_Records for the exercise_
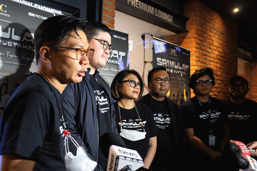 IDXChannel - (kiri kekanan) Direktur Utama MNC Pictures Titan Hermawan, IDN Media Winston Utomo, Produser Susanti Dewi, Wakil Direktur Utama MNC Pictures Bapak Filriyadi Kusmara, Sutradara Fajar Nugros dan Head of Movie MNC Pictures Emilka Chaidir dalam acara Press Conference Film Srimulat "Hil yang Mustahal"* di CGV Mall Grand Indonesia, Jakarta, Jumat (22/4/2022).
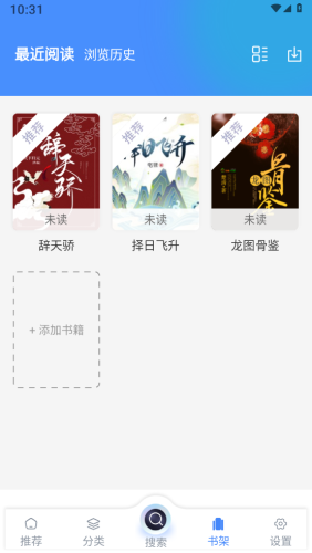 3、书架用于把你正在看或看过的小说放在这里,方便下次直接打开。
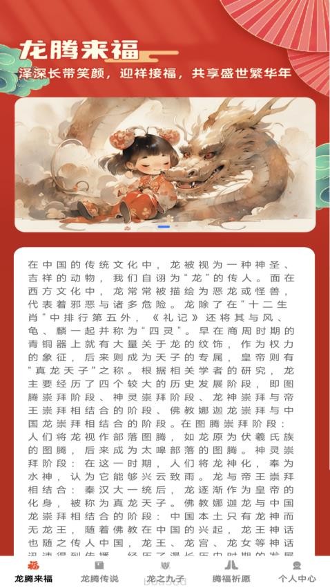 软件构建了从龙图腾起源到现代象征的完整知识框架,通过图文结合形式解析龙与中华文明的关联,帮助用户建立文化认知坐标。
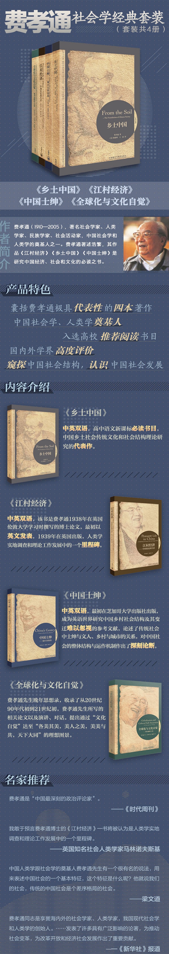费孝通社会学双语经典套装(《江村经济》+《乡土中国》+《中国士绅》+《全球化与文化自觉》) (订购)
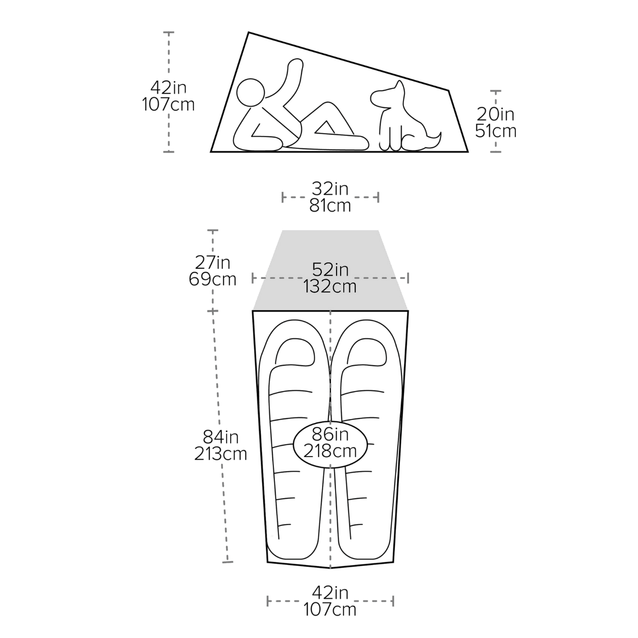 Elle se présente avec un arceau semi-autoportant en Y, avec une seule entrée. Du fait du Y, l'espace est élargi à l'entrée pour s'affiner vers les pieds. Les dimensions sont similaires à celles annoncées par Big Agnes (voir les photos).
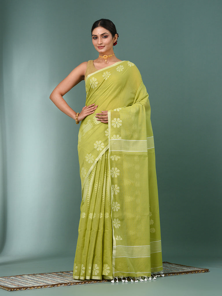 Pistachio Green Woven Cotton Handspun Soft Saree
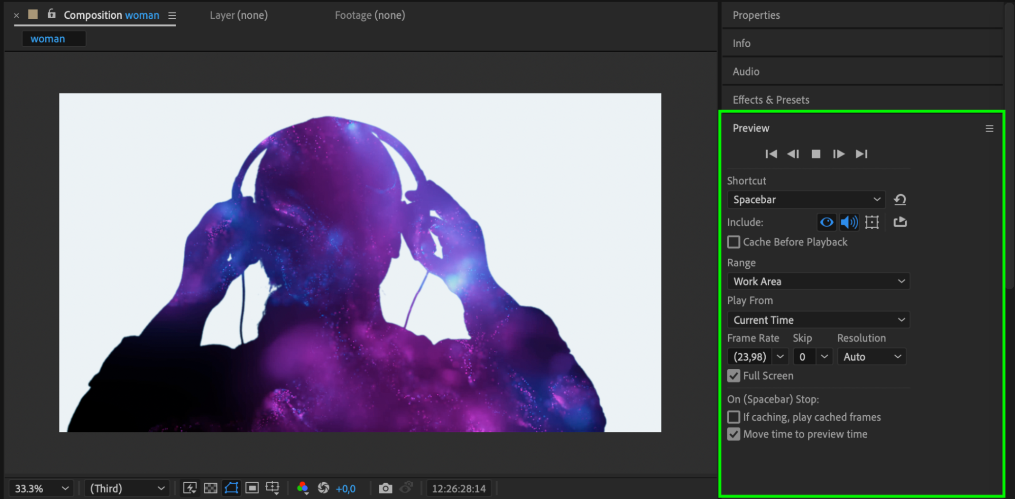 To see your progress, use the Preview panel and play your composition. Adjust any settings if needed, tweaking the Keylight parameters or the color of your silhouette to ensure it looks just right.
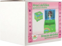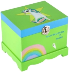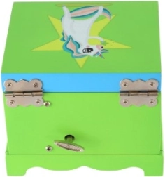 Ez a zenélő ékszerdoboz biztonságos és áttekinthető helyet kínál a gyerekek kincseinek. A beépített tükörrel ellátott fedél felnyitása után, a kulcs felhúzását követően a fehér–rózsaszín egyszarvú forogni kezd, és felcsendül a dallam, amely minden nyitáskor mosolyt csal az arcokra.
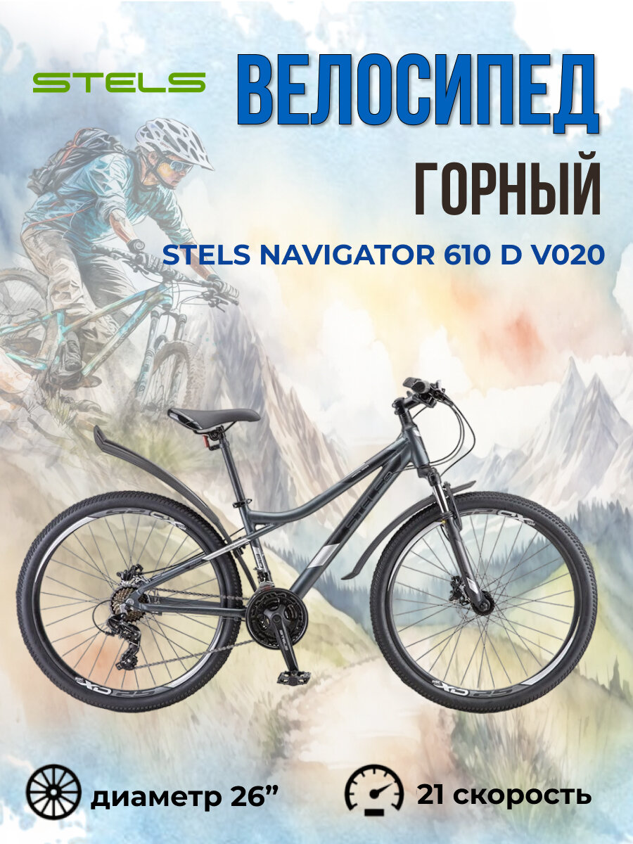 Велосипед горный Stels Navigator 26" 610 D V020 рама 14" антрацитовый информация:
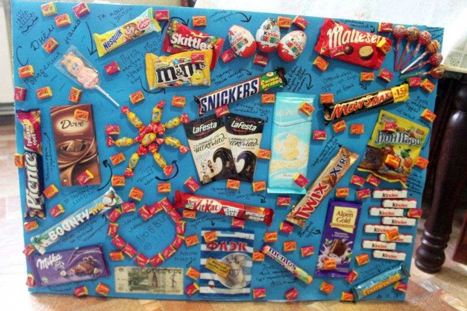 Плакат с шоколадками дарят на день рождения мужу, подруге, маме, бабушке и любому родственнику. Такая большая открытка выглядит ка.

==

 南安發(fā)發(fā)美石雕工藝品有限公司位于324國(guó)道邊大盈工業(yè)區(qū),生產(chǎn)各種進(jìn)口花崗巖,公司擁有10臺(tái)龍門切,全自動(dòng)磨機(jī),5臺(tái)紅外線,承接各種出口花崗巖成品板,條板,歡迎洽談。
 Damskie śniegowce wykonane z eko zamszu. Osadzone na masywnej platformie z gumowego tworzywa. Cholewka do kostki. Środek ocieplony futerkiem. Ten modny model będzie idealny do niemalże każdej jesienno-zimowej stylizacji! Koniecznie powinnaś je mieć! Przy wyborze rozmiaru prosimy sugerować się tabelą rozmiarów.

_What to do_
Within the material above, only the stretch from the line holding "Elle se présente" through the line holding "Плакат с шоколадками" is to be restated exactly. Pictures are dropped.

_Answer section_
 Elle se présente avec un arceau semi-autoportant en Y, avec une seule entrée. Du fait du Y, l'espace est élargi à l'entrée pour s'affiner vers les pieds. Les dimensions sont similaires à celles annoncées par Big Agnes (voir les photos).
 Pistachio Green Woven Cotton Handspun Soft Saree
 To see your progress, use the Preview panel and play your composition. Adjust any settings if needed, tweaking the Keylight parameters or the color of your silhouette to ensure it looks just right.
 Ez a zenélő ékszerdoboz biztonságos és áttekinthető helyet kínál a gyerekek kincseinek. A beépített tükörrel ellátott fedél felnyitása után, a kulcs felhúzását követően a fehér–rózsaszín egyszarvú forogni kezd, és felcsendül a dallam, amely minden nyitáskor mosolyt csal az arcokra.
 Велосипед горный Stels Navigator 26" 610 D V020 рама 14" антрацитовый информация:
 Плакат с шоколадками дарят на день рождения мужу, подруге, маме, бабушке и любому родственнику. Такая большая открытка выглядит ка.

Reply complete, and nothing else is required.